◆ Supplied data ◆
*** Begin section ***

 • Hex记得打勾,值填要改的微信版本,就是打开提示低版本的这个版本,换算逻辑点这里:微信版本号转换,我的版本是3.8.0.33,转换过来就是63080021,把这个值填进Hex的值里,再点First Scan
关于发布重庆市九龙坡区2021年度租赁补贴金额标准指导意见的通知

*** End section ***
*** Begin section ***

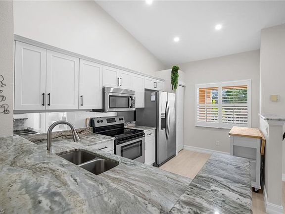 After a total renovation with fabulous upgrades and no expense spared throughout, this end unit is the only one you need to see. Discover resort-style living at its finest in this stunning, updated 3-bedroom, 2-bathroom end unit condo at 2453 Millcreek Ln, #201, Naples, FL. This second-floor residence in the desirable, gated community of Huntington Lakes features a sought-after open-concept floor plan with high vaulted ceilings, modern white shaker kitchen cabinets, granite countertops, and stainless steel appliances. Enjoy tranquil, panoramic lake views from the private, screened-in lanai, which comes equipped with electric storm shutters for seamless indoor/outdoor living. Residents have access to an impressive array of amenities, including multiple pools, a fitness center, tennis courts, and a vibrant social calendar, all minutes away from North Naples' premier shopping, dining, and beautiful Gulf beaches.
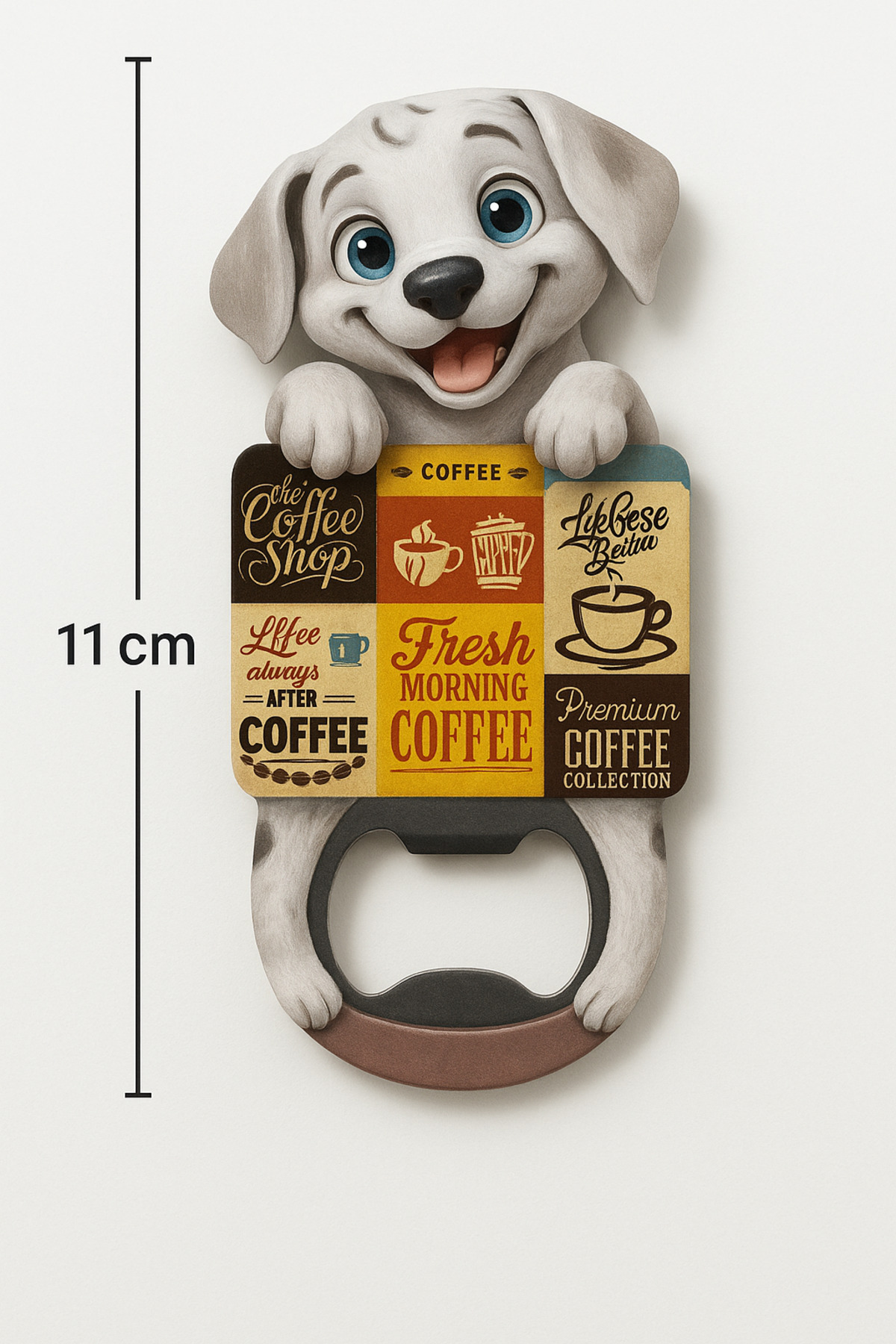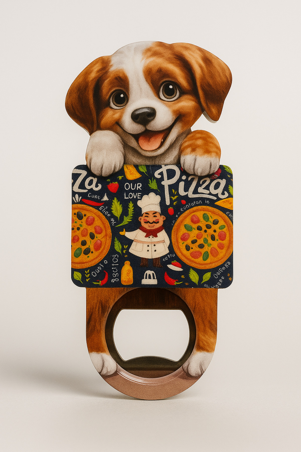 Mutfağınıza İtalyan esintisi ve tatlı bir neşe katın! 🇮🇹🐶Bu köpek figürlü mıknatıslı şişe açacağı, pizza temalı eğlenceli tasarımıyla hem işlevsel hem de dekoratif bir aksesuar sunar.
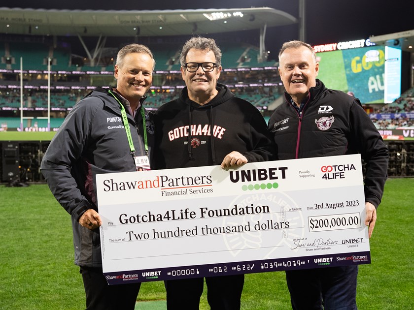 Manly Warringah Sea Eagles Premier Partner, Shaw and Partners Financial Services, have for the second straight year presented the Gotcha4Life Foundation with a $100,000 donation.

*** End section ***
*** Begin section ***

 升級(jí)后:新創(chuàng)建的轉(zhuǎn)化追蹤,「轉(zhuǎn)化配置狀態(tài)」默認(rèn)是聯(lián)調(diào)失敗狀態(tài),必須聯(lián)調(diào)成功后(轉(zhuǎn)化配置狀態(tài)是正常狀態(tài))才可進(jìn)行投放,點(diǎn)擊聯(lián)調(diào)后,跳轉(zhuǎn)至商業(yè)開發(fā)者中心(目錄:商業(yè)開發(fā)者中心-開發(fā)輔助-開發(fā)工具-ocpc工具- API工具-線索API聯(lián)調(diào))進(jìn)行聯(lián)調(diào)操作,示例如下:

*** End section ***

◆ What needs to be done ◆
Output should consist of the lines above from the one with "Mutfağınıza İtalyan esintisi" down to the one with "Manly Warringah Sea", exact and without pictures.

◆ Exercise solution ◆
 Mutfağınıza İtalyan esintisi ve tatlı bir neşe katın! 🇮🇹🐶Bu köpek figürlü mıknatıslı şişe açacağı, pizza temalı eğlenceli tasarımıyla hem işlevsel hem de dekoratif bir aksesuar sunar.
 Manly Warringah Sea Eagles Premier Partner, Shaw and Partners Financial Services, have for the second straight year presented the Gotcha4Life Foundation with a $100,000 donation.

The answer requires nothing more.